Storing/Reading Keys and Values from the Overlay Network:

  • void AbstractChordPeer::Create(const std::string &unhashed, const std::string &val): Create a key-value pair and store it within the overlay network.
  • std::string AbstractChordPeer::Read(const std::string &unhashed): Return the value associated with the key unhashed, if it is stored within the overlay network. Otherwise throw an error.
  • void UploadFile(const std::string &file_path): Read the contents of the given (absolute) path file_path, encode it (if necessary, as it is with DHash), and store its contents within the overlay network.
  • void DownloadFile(const std::string &file_name, const std::string &output_path): If a file with the name file_name has been uploaded into the overlay network, retrieve its contents, decode it, and save those contents to the absolute path output_path.

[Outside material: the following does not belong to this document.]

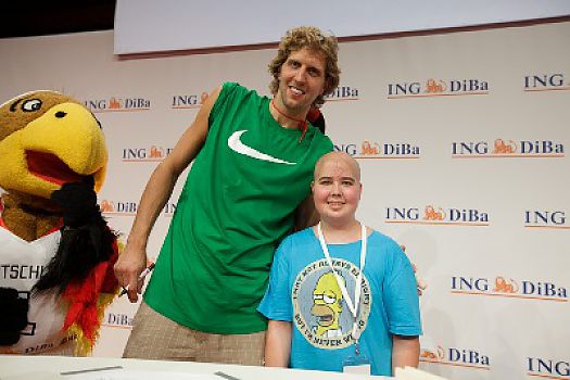 10.000 Fans umjubelten Dirk Nowitzki bei seinem Auftritt am 28. Juni in Würzburg. Thomas durfte an diesem Tag seinem Idol ganz nahe kommen, ...
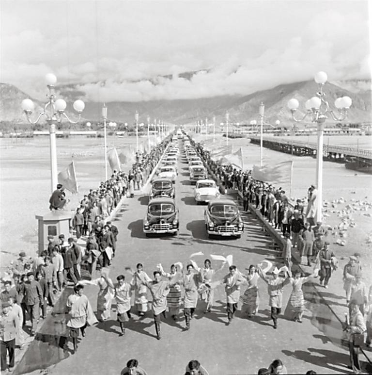 1965年拉薩大橋建成通行時(shí)的場(chǎng)景(資料圖片)。

If this file does not exist in the network, throw an error.

Positional Lookups:

  • RemotePeer GetSuccessor(const std::string &unhashed_key): Return the peer possessing the lowest identifier in the overlay network which exceeds the SHA-1 hash of unhashed_key.
  • std::vector<RemotePeer> GetNSuccessors(const std::string &unhashed_key, int n): Return the list of peers possessing the n lowest identifiers in the overlay network which are higher than the SHA-1 hash of unhashed_key.
  • RemotePeer GetPredecessor(const std::string &unhashed_key): Return the peer possessing the highest identifier in the overlay network which is lower than the SHA-1 hash of unhashed_key.
  • std::vector<RemotePeer> GetNPredecessors(const std::string &unhashed_key, int n): Return the list of peers possessing the n highest identifiers in the overlay network which are lower than the SHA-1 hash of unhashed_key.

Chord

  • ChordPeer::ChordPeer(std::string ip_addr, unsigned short port, int num_succs): Construct a ChordPeer running a server on ip_addr:port, which maintains a successor list of num_succs. ChordPeer relies on RAII for its server and maintenance thread, so construction of a ChordPeer will begin running its server and a thread to periodically run the stabilize protocol.

DHash

  • DHashPeer(std::string ip_addr, int port, int num_replicas): Construct a DHashPeer running a server on ip_addr:port, which maintains a successor list of num_succs. DHashPeer relies on RAII for its server and maintenance thread, so construction of a DHashPeer will begin running its server and a thread to periodically run the global maintenance, local maintenance, and stabilize protocols.
  • std::tuple<int, int, int> GetIdaParams() const: Get the parameters of the peer's information dispersal algorithm in the form of a tuple (n, m, p), where n denotes the total number of fragments generated by the IDA for any given data block, m the minimum number of fragments necessary to reconstruct the original block, and p the prime value used for modulus operations.
  • void SetIdaParams(int n, int m, int p): Set the IDA parameters, where n denotes the total number of fragments generated by the IDA for any given data block, m the minimum number of fragments necessary to reconstruct the original block, and p the prime value used for modulus operations.

Installation

To use this library in a CMake project, insert the following into your project's CMakeLists.txt:

include(FetchContent)

FetchContent_Declare(
      p2p_dhts
      URL https://github.com/Patrick-McKeever/P2P-DHTs.git
)

FetchContent_MakeAvailable(p2p_dhts)

target_link_libraries([YOUR TARGET HERE] dhts)

Sources

  • Cates, Josh. “Robust and efficient data management for a distributed hash table.” (2003).
  • Karger, David, et al. “Consistent Hashing and Random Trees: Distributed Caching Protocols for Relieving Hot Spots on the World Wide Web.” Proceedings of the Twenty-Ninth Annual ACM Symposium on Theory of Computing, Association for Computing Machinery, 1997, pp. 654–63. ACM Digital Library, doi:10.1145/258533.258660.
  • Rabin M.O. (1990) The Information Dispersal Algorithm and its Applications. In: Capocelli R.M. (eds) Sequences. Springer, New York, NY. https://doi.org/10.1007/978-1-4612-3352-7_32
  • Stoica, Ion & Morris, Robert & Karger, David & Kaashoek, M. & Balakrishnan, Hari. (2001). Chord: A Scalable Peer-to-Peer Lookup Service for Internet Applications. ACM SIGCOMM Computer Communication Review, vol. 31. 31. 10.1145/964723.383071.
  • Zave, Pamela. "How to make Chord correct (using a stable base)." CoRR, abs/1502.06461 (2015).